Educators Ready to Welcome Students, but not Pests Back to School

While schools are eager to welcome back students this fall, they are already working to create an unwelcome environment for insects, rodents, weeds, and other pests. As allergens from rodents like cockroaches are a significant cause of asthma in children[i], and bites from insects like ticks carry disease[ii], a strategic approach to managing pests is essential for creating a safe place for students to learn and grow.

 

An Integrated Pest Management (IPM) approach is one way to protect children. The approach works by creating a plan for identifying, monitoring and, as much as possible, preventing pest problems before they happen.

“IPM is implemented by many school administrators, because it manages pests by using all the tools in the pest control toolbox, including maintenance, monitoring of pest populations, sanitation and pesticides,” said Janet Hurley, extension program specialist in school IPM for Texas A&M AgriLife Extension Service. “Pesticide use in schools is part of a specific, strategic plan designed to use pest control products in the safest and most prudent way possible.”
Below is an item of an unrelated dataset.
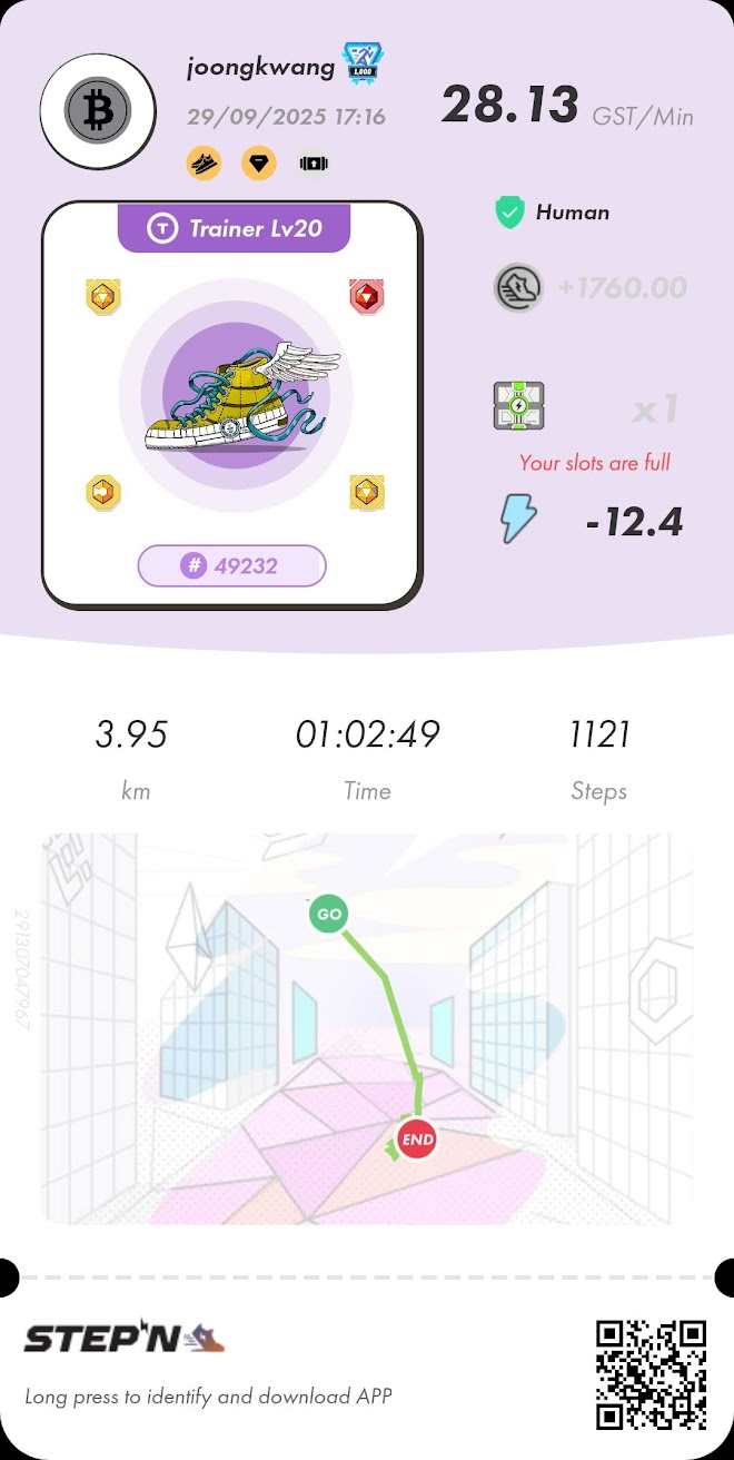 STEPN Polygon 2025/09/29steemCreated with Sketch.joongkwang (67)in #blog • 7 months ago STEPN에 버그가 있습니다. 걷는 동안 에너지 소모량이 정확하게 기록되지 않습니다. 이로 인해 과하게 걷는 경우가 많습니다. 손실을 현금화하세요. #stepn #polygon #matic

IPM combines the use of products reviewed and approved by the U.S. Environmental Protection Agency (EPA) and proactive pest control practices. A successful IPM program can reduce pest complaints by nearly 90 percent, according to the EPA.or Texas A&M AgriLife Extension Service. “Pesticide use in schools is part of a specific, strategic plan designed to use pest control products in the safest and most prudent way possible.”
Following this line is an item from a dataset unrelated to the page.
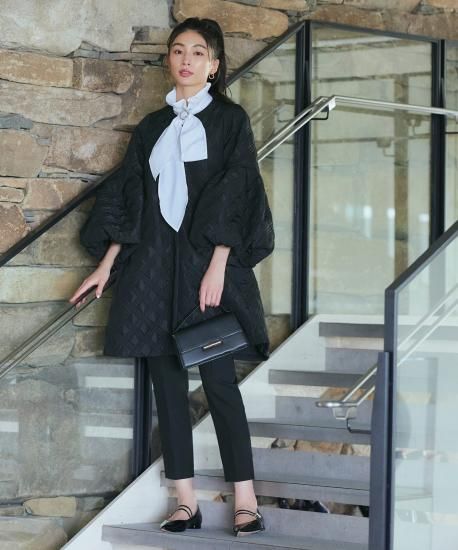 すっきりとしたノーカラーのコートは、ボリューミーなリボンタイブラウスも相性良くコーデが決まります。

“As a parent, I appreciate the use of IPM programs in school to safely protect classrooms, playgrounds and athletic fields where my children play,” said Bobby Kossowicz, a New Jersey mother of two who combines her past professional experience in the pest control industry and insight as mother to educate others. “I have such confidence in the approach that I use IPM around my home too.”

RISE (Responsible Industry for a Sound Environment)® shares the following steps for implementing IPM both at school and at home:

  • Take an educated approach. Monitor the pests for their locations and populations to establish the source of the pest problem.
  • Identify an appropriate threshold. Prioritize pest control based on the most immediate threat.
  • Remove pest-attracting conditions. Replace waste receptacles and keep them clean, prevent water from pooling near where children play, and keep grounds free of litter and leaf debris.
  • Use pesticides when necessary. Include judicious and targeted use of pesticides when the situation calls for effective management of pest and weed populations.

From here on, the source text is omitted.